Notable Quotes & Memorable Moments
-
On the Reddit insurance exodus:
“If you go on the health insurance subreddit, extremely common question now... should I just not get health insurance at all?... And for a lot of people that answer is actually probably no.”
—Nikhil ([00:00]) -
On the fragmentation dilemma:
“Choice is like the worst way. It’s choosing between the worst options now.”
—Nikhil ([21:30]) -
On doctor-patient tension:
“The existing healthcare system wants standardized care... but people want more agency in their healthcare. No one wants to be told ‘just wait and see.’”
—Nikhil ([01:02], [32:24]) -
GLP-1s Zeitgeist:
“Everyone wants to not be—like—obese, right? Near infinite demand here.”
—Nikhil ([68:10])
“It might be like the next statin... just put it in the water supply.”
—Jay ([71:08]) -
On AI slop in health content:
“I’m just not having fun on the internet anymore. AI has really distorted how content is created. We’re all in on [real life] events now.”
—Nikhil ([84:39])
Segment Timestamps
- Insurance Defection, Why Now? – [04:29]-[11:04]
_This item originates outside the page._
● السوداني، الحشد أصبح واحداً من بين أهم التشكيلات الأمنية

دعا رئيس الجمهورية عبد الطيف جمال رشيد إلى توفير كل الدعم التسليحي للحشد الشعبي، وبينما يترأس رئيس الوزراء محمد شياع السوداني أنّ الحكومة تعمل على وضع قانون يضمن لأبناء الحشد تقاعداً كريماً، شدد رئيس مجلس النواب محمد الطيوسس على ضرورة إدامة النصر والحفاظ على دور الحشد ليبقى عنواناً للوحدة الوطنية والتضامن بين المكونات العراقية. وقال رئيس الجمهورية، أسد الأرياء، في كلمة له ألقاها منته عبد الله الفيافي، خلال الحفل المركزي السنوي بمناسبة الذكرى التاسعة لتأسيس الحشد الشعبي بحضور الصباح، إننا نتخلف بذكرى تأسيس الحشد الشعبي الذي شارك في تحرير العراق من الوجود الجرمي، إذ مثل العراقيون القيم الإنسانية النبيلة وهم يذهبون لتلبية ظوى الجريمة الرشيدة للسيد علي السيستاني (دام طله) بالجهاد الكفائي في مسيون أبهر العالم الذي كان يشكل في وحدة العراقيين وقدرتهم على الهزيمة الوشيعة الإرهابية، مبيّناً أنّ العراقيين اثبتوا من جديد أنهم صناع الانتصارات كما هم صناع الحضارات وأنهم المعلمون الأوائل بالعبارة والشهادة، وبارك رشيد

- Cash Pay, Parallel Systems, & Health Sharing – [14:19]-[23:40]
- Startups: Opportunity in Navigation & Triage – [24:07]-[27:08]
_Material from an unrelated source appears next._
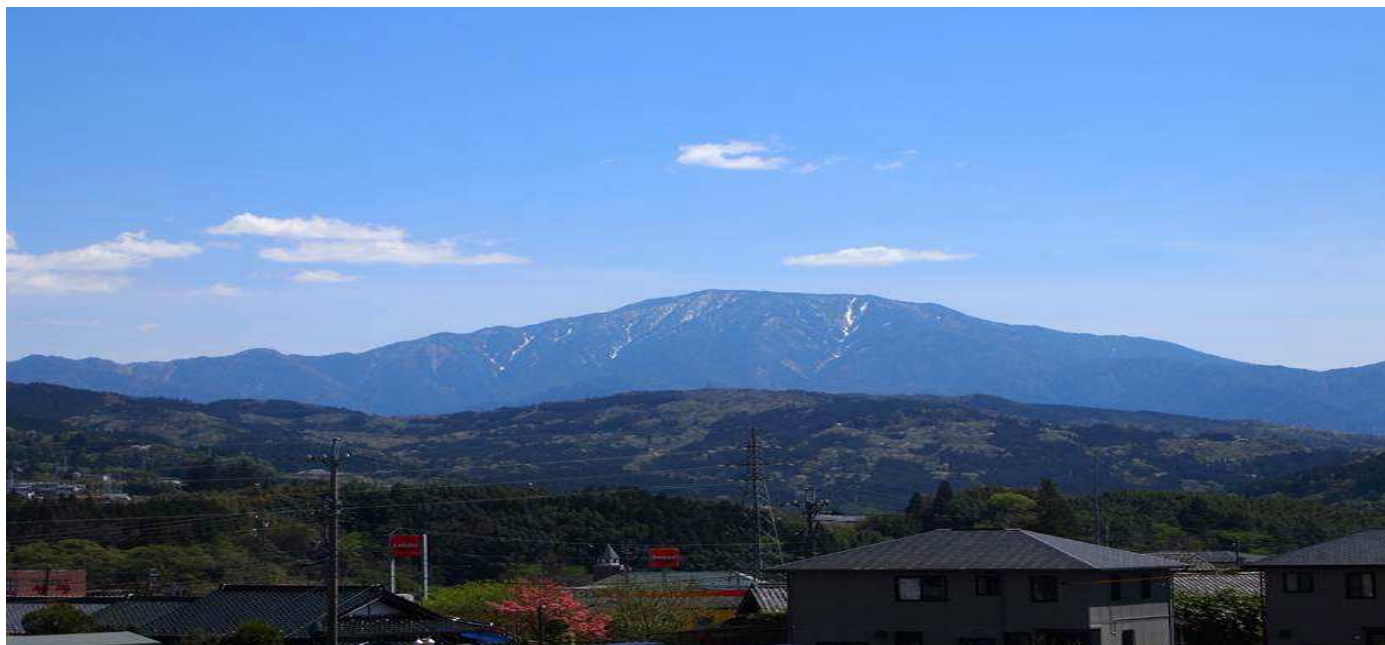
(坂下病院から望む恵那山)

- Diagnostics, Screening, & Proactive Health – [27:27]-[33:05]
- Wearables, LLMs, & Regulatory Challenges – [33:34]-[40:42]
- State vs. Federal Regulation in AI Health – [41:16]-[47:19]
- Healthcare AI: IP, New Data, Protocols – [47:55]-[53:18]
- Populist Backlash: Jobs, Errors, Autonomy – [55:25]-[66:11]
- GLP-1s, Drugs as Consumer Products – [67:05]-[74:41]
- Peptide Gray Market & FDA Regulation – [74:47]-[83:00]
- U.S. Healthcare Economics: Predicting the Future – [85:56]-[89:57]
- Content & Learning: Combatting AI Slop – [90:54]-[92:54]
Additional Insights
- The “Peter Attia Protocol” as IP: Individual doctors/influencers creating branded, possibly licensed protocols implemented via AI.
- Net-new biobanks: Untapped opportunity for startups to collect and leverage patient-uploaded real-world data for research and personalized medicine.
- The Event-ification of Healthcare Content: Digital content quality declining; shift toward in-person hackathons, workshops (Out of Pocket events) for genuine learning and engagement.
Closing Thoughts
Both Jay and Nikhil agree: U.S. healthcare is experiencing a once-in-a-generation inflection. The confluence of consumer-out migration from insurance, GLP-1s and experimental drugs, and the juggernaut of AI is blowing up old models, creating new opportunities—and new risks—for innovators, clinicians, regulators, and patients alike.
“People working in technology are coming into healthcare... there’s cool stuff happening. Come learn about it, come make an impact.”
—Jay ([90:25])
Summary compiled in the energetic, candid, and insightful style of the original discussion.